- _Work to be completed_: Could you restate every entry word for word, minus the pictures?

┌─ Provided records

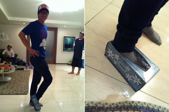 하하는 지난 12일 오후 자신의 트위터에 "주나형이 재석형을 끔찍히 여겨 선물해 준 최신형 신발! 에어조던도 울고 갈 에어넥스!"라는 글과 함께 사진을 게재했다.
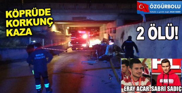 Kaza, saat 23.45 sıralarında Kuruçay mahallesinde meydana geldi. Kent merkezi istikametinden Ankara yönüne giden 14 AAP 967 plakalı otomobil, hızla Kuruçay köprüsü yanındaki yan yola girdi. Hızla giden otomobil köprünün korkuluklarının yanından alt geçide uçup yaklaşık 15 metre uzaklıktaki duvara çarptı. Kazanın ardından olay yerine 112 Acil, itfaiye ve polis ekibi sevk edildi. Kazada hurdaya dönen araç içerisinde sıkışan Eray Acar ile Sabri Sadıç olay yerinde hayatını kaybetti.
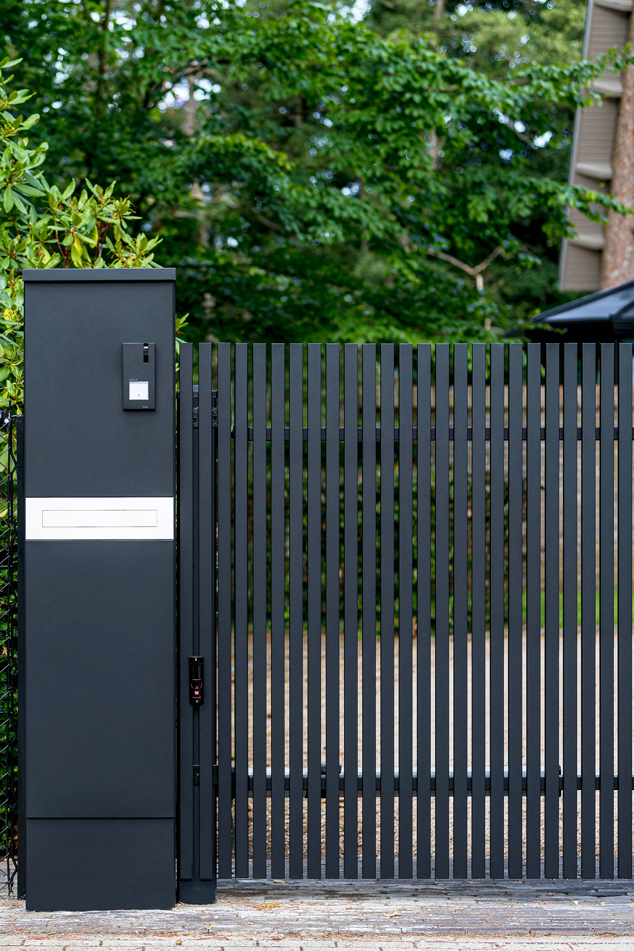 La grande funzionalità dell’installazione è raggiunta anche grazie all’integrazione nel cancello del palo MultiBox che, contenendo la cassetta per le lettere, il videocitofono e il tastierino a codice per la funzione di comando elettronico, rappresenta un filtro sicuro rispetto all’esterno, rendendo l’accesso all’edificio perfettamente controllato.
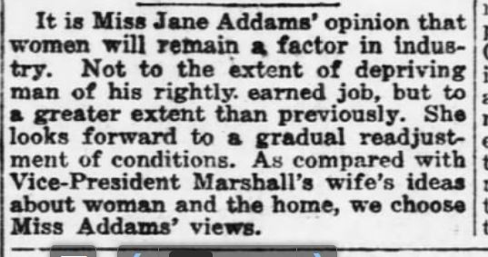 It is Miss Jane Addams' opinion that women will remain a factor in industry. Not to the extent of depriving man of his rightly earned job, but to a greater extent than previously. She looks forward to a gradual readjustment of conditions. As compared with Vice-President Marshall's wife's ideas about woman and the home, we choose Miss Addams' views.
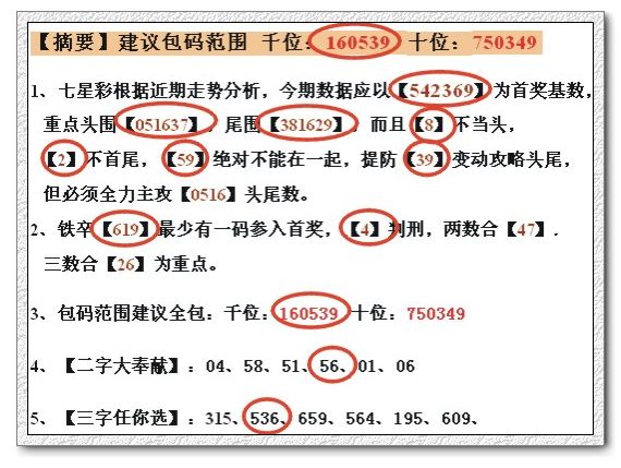 1、七星彩根据近期走势分析,今期数据应以【124569】为首奖基数,
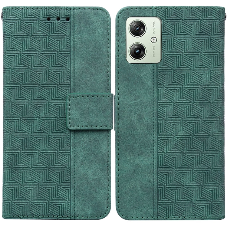 Funda de Cuero para Motorola Moto G54 con Relieve Geométrico (Verde)
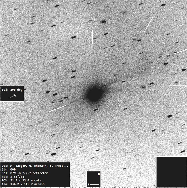 Nuove foto scattate da astronomi amatoriali l’8 novembre rivelano che apparentemente ha sviluppato quattro o cinque code. “Al momento dell’esposizione, la cometa si trovava a soli 7°-10° sopra l’orizzonte”, afferma Michael Jaeger, che ha eseguito insieme ad altri la foto riportata in apertura. “Alla fine, il crepuscolo mattutino ha interferito con l’osservazione, che è avvenuta sotto la luce lunare. Abbiamo osservato da una posizione montuosa.”
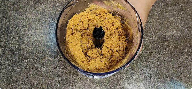 Беремо будь-яке пісочне печиво і подрібнюємо в блендері в дрібну крихту, додаємо вершкове масло і ще раз перемішати.
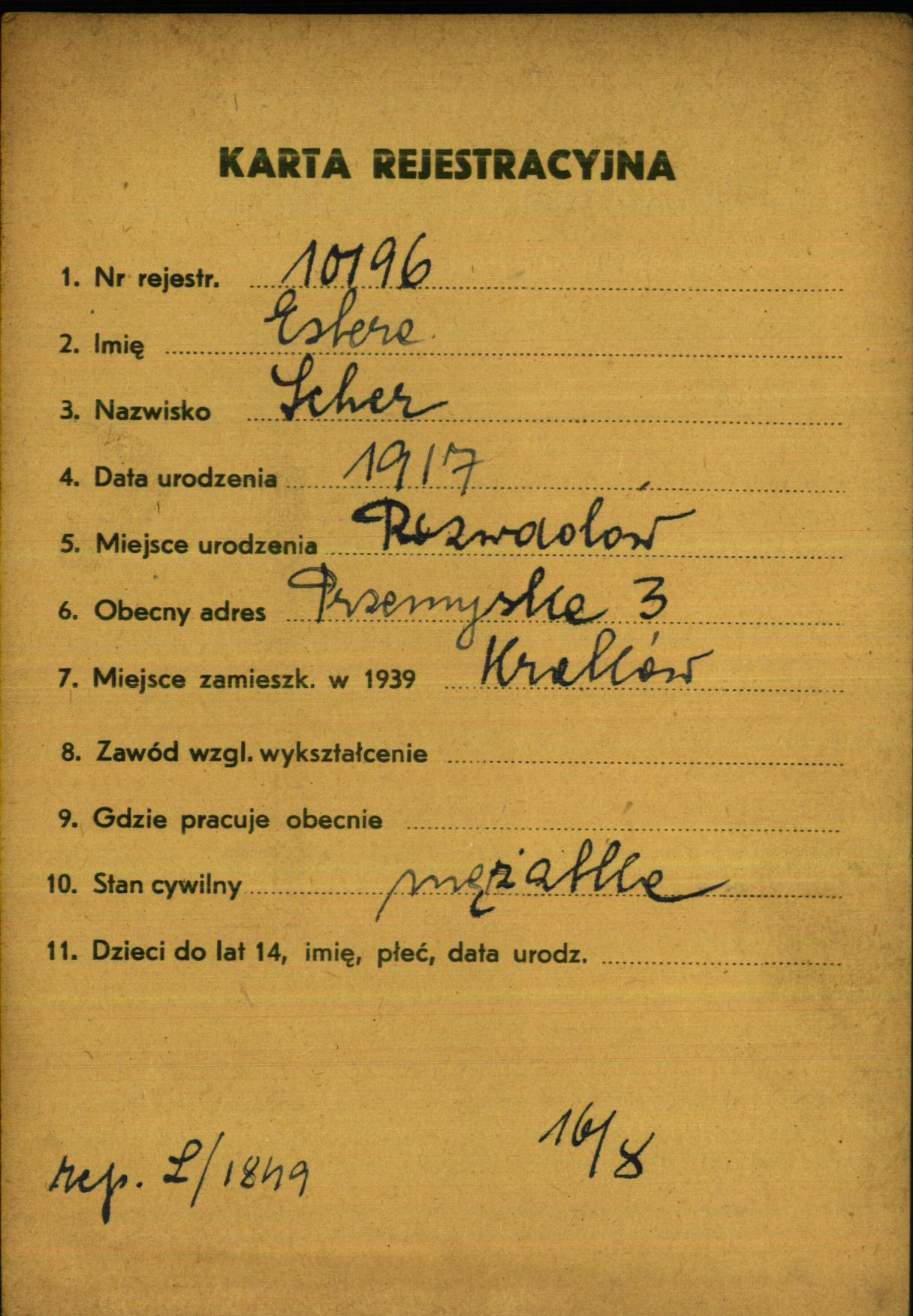 Estera Scher was born in Rozwadów, Poland, 1917. She was married. Prior to WWII she lived in Krakow, Poland.
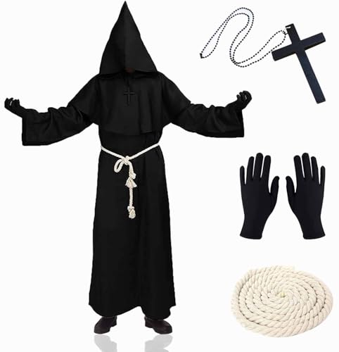 XCMVCN Costume da Monaco, Frate Medieval Rinascimentale Mantello con Cappuccio, Costumi da Prete Halloween Maschio, Halloween, Carnevale e Costumi da Gioco di Ruolo (Nero,XXL
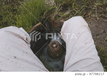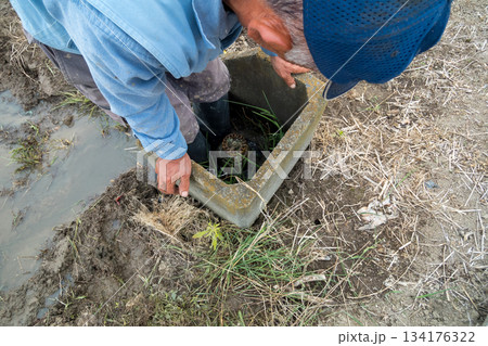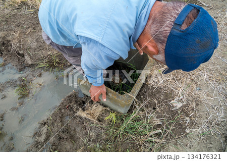 田んぼの水口で足を洗う農家
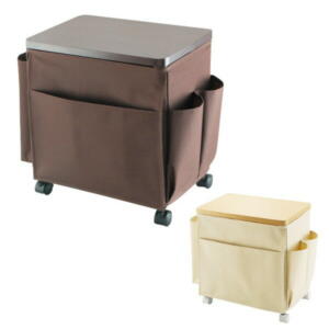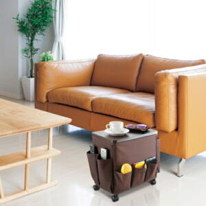 ■サイズ・色違い・関連商品■ホワイト■ブラウン[当ページ]関連商品の検索結果一覧はこちら■商品内容ティッシュや新聞、リモコンなどソファや座椅子のそばにあると便利なものをまとめて収納できるサイドテーブルワゴン。ワゴン内部には大きな収納スペースがあり、かさのある小物類をたっぷり収納でき、カバー付きで外からの目も気になりません。ワイドポケットにはA4サイズがすっぽり収まるので、雑誌や新聞等の収納などに便利。ロングポケット×2は長いリモコンの収納に、ショートポケット×3はよく使うメガネやメモ帳などの小物類収納にぴったり。ティッシュホルダー付き。スタイリッシュな木製フラット天板。キャスター付きで移動もラクラク。■商品スペック【サイズ(約)】幅35×奥行23×高さ37.7cm【材質】本体:ポリプロピレン布地ポリエステル天板:プリント化粧パーチクルボード【カラー】ブラウン■送料・配送についての注意事項●本商品の出荷目安は【2 – 6営業日 ※土日・祝除く】となります。●お取り寄せ商品のため、稀にご注文入れ違い等により欠品・遅延となる場合がございます。●本商品は仕入元より配送となるため、沖縄・離島への配送はできません。
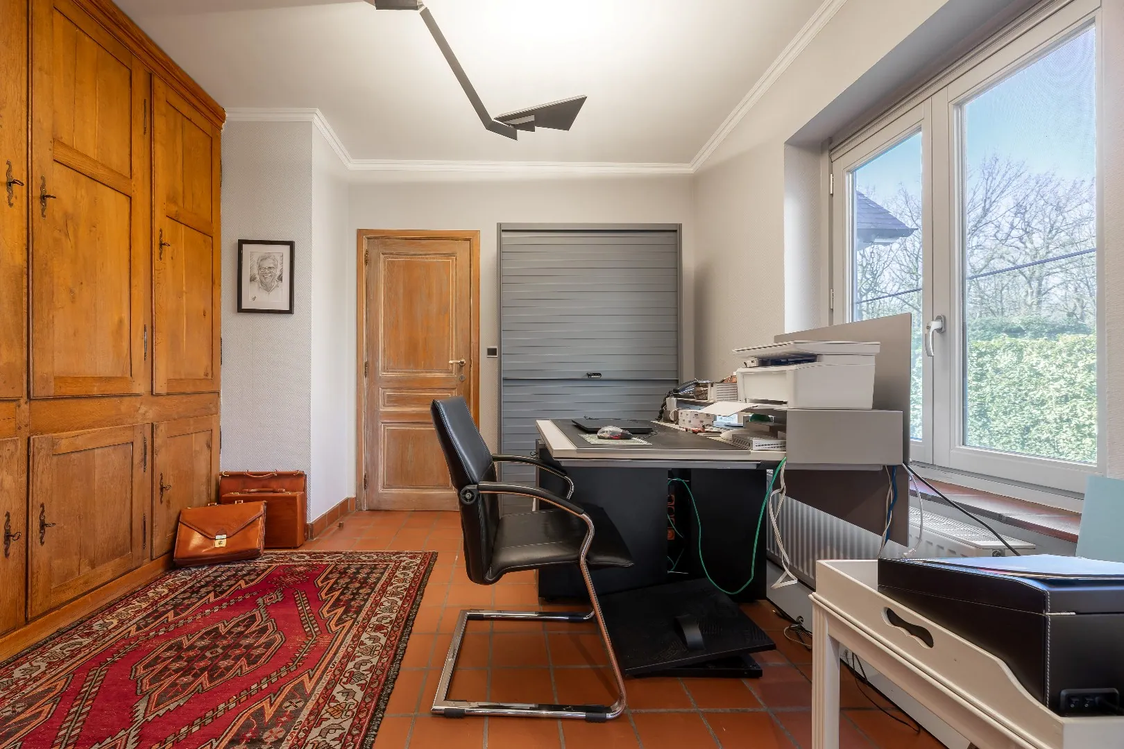 Op het gelijkvloers vindt u verder nog een ruime bureauruimte aan de voorzijde van de woning, perfect geschikt als praktijkruimte of voor wie comfortabel van thuis wil werken. Daarnaast beschikt de woning op dit niveau over een slaapkamer met ensuite badkamer, een praktische wasruimte en een inpandige garage met automatische poort.
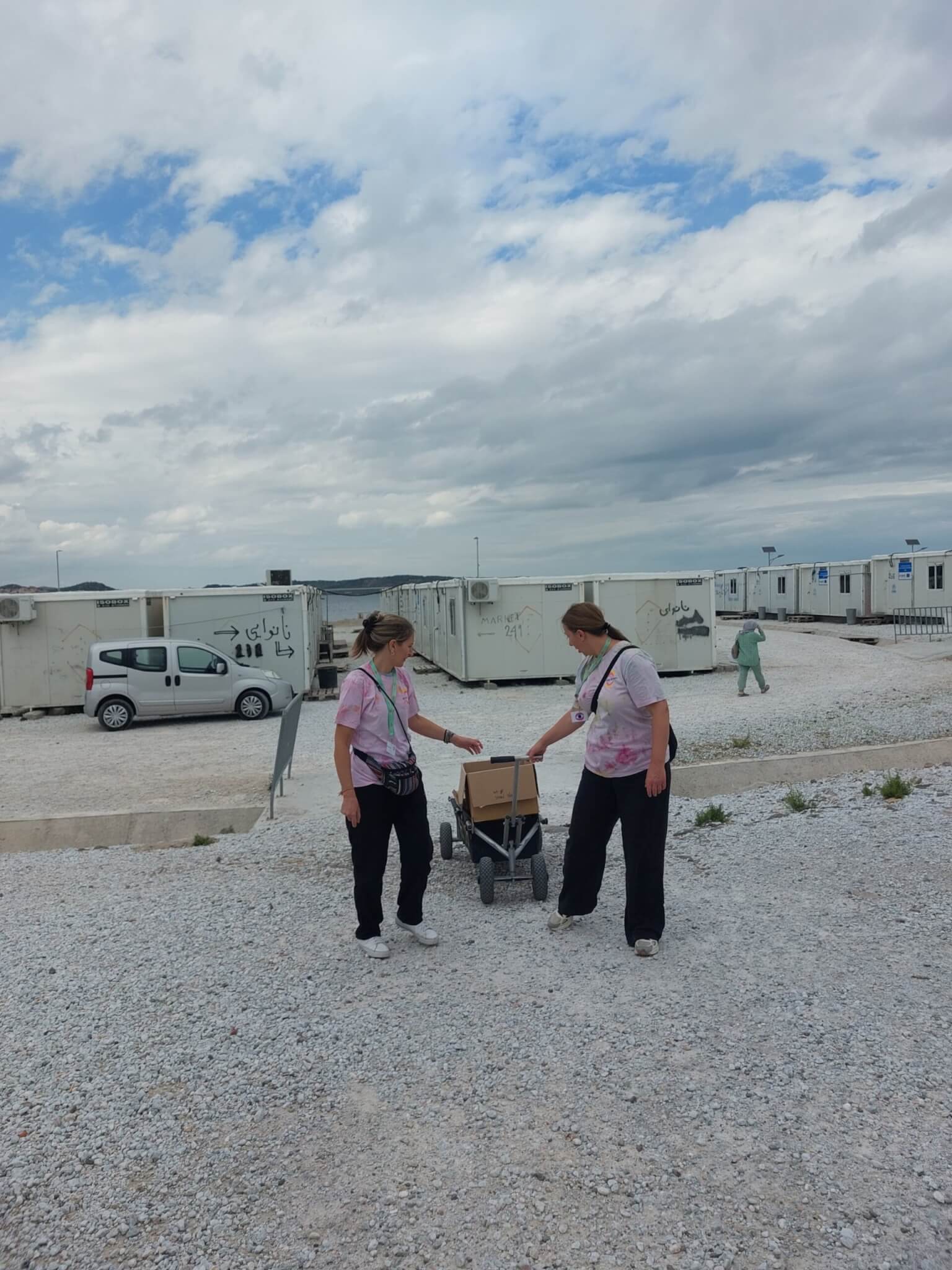 After just five minutes after departing from Mytilini, we see what from far looks seems like a huge white camping. A closer look reveals rows of white tents, so tightly packed that no one seems to move between them. From here, it almost feels uninhabited. A vast wasteland. Only police officers walk around the perimeter, enforcing the sense of a restricted, uncrossable boundary. We bypass it for now, heading to meet the team of Because We Carry.
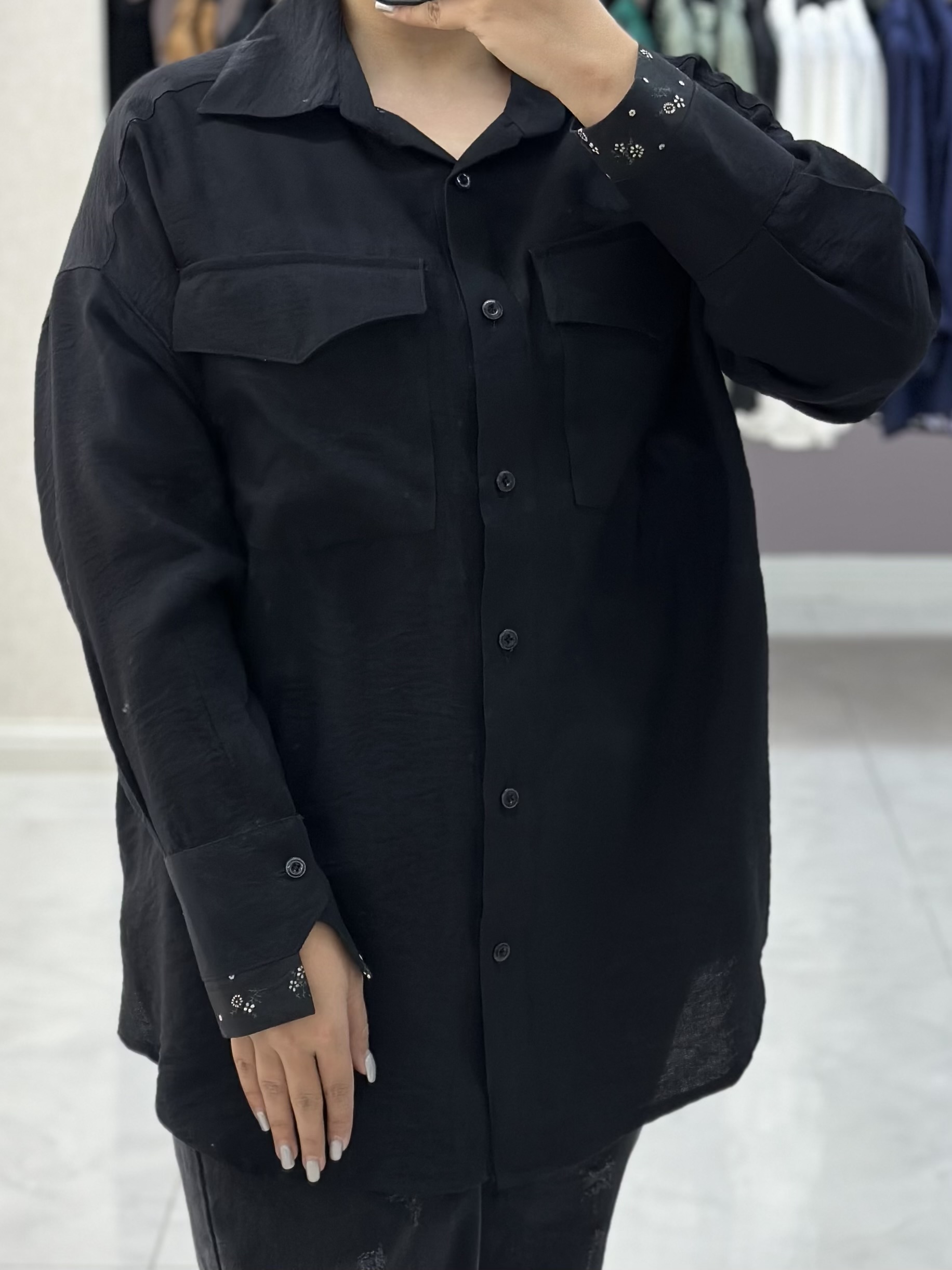 این شومیز با تنخور آزادی که دارد، مخصوص خانمهایی است که به دنبال کارهای خاص و در عین حال کژوال هستند. خرجکار گلدار روی آستینها، روحی تازه به این شومیز لینن بخشیده است.

└─

- _Task response_:
 하하는 지난 12일 오후 자신의 트위터에 "주나형이 재석형을 끔찍히 여겨 선물해 준 최신형 신발! 에어조던도 울고 갈 에어넥스!"라는 글과 함께 사진을 게재했다.
 Kaza, saat 23.45 sıralarında Kuruçay mahallesinde meydana geldi. Kent merkezi istikametinden Ankara yönüne giden 14 AAP 967 plakalı otomobil, hızla Kuruçay köprüsü yanındaki yan yola girdi. Hızla giden otomobil köprünün korkuluklarının yanından alt geçide uçup yaklaşık 15 metre uzaklıktaki duvara çarptı. Kazanın ardından olay yerine 112 Acil, itfaiye ve polis ekibi sevk edildi. Kazada hurdaya dönen araç içerisinde sıkışan Eray Acar ile Sabri Sadıç olay yerinde hayatını kaybetti.
 La grande funzionalità dell’installazione è raggiunta anche grazie all’integrazione nel cancello del palo MultiBox che, contenendo la cassetta per le lettere, il videocitofono e il tastierino a codice per la funzione di comando elettronico, rappresenta un filtro sicuro rispetto all’esterno, rendendo l’accesso all’edificio perfettamente controllato.
 It is Miss Jane Addams' opinion that women will remain a factor in industry. Not to the extent of depriving man of his rightly earned job, but to a greater extent than previously. She looks forward to a gradual readjustment of conditions. As compared with Vice-President Marshall's wife's ideas about woman and the home, we choose Miss Addams' views.
 1、七星彩根据近期走势分析,今期数据应以【124569】为首奖基数,
 Funda de Cuero para Motorola Moto G54 con Relieve Geométrico (Verde)
 Nuove foto scattate da astronomi amatoriali l’8 novembre rivelano che apparentemente ha sviluppato quattro o cinque code. “Al momento dell’esposizione, la cometa si trovava a soli 7°-10° sopra l’orizzonte”, afferma Michael Jaeger, che ha eseguito insieme ad altri la foto riportata in apertura. “Alla fine, il crepuscolo mattutino ha interferito con l’osservazione, che è avvenuta sotto la luce lunare. Abbiamo osservato da una posizione montuosa.”
 Беремо будь-яке пісочне печиво і подрібнюємо в блендері в дрібну крихту, додаємо вершкове масло і ще раз перемішати.
 Estera Scher was born in Rozwadów, Poland, 1917. She was married. Prior to WWII she lived in Krakow, Poland.
 XCMVCN Costume da Monaco, Frate Medieval Rinascimentale Mantello con Cappuccio, Costumi da Prete Halloween Maschio, Halloween, Carnevale e Costumi da Gioco di Ruolo (Nero,XXL
 田んぼの水口で足を洗う農家
 ■サイズ・色違い・関連商品■ホワイト■ブラウン[当ページ]関連商品の検索結果一覧はこちら■商品内容ティッシュや新聞、リモコンなどソファや座椅子のそばにあると便利なものをまとめて収納できるサイドテーブルワゴン。ワゴン内部には大きな収納スペースがあり、かさのある小物類をたっぷり収納でき、カバー付きで外からの目も気になりません。ワイドポケットにはA4サイズがすっぽり収まるので、雑誌や新聞等の収納などに便利。ロングポケット×2は長いリモコンの収納に、ショートポケット×3はよく使うメガネやメモ帳などの小物類収納にぴったり。ティッシュホルダー付き。スタイリッシュな木製フラット天板。キャスター付きで移動もラクラク。■商品スペック【サイズ(約)】幅35×奥行23×高さ37.7cm【材質】本体:ポリプロピレン布地ポリエステル天板:プリント化粧パーチクルボード【カラー】ブラウン■送料・配送についての注意事項●本商品の出荷目安は【2 – 6営業日 ※土日・祝除く】となります。●お取り寄せ商品のため、稀にご注文入れ違い等により欠品・遅延となる場合がございます。●本商品は仕入元より配送となるため、沖縄・離島への配送はできません。
 Op het gelijkvloers vindt u verder nog een ruime bureauruimte aan de voorzijde van de woning, perfect geschikt als praktijkruimte of voor wie comfortabel van thuis wil werken. Daarnaast beschikt de woning op dit niveau over een slaapkamer met ensuite badkamer, een praktische wasruimte en een inpandige garage met automatische poort.
 After just five minutes after departing from Mytilini, we see what from far looks seems like a huge white camping. A closer look reveals rows of white tents, so tightly packed that no one seems to move between them. From here, it almost feels uninhabited. A vast wasteland. Only police officers walk around the perimeter, enforcing the sense of a restricted, uncrossable boundary. We bypass it for now, heading to meet the team of Because We Carry.
 این شومیز با تنخور آزادی که دارد، مخصوص خانمهایی است که به دنبال کارهای خاص و در عین حال کژوال هستند. خرجکار گلدار روی آستینها، روحی تازه به این شومیز لینن بخشیده است.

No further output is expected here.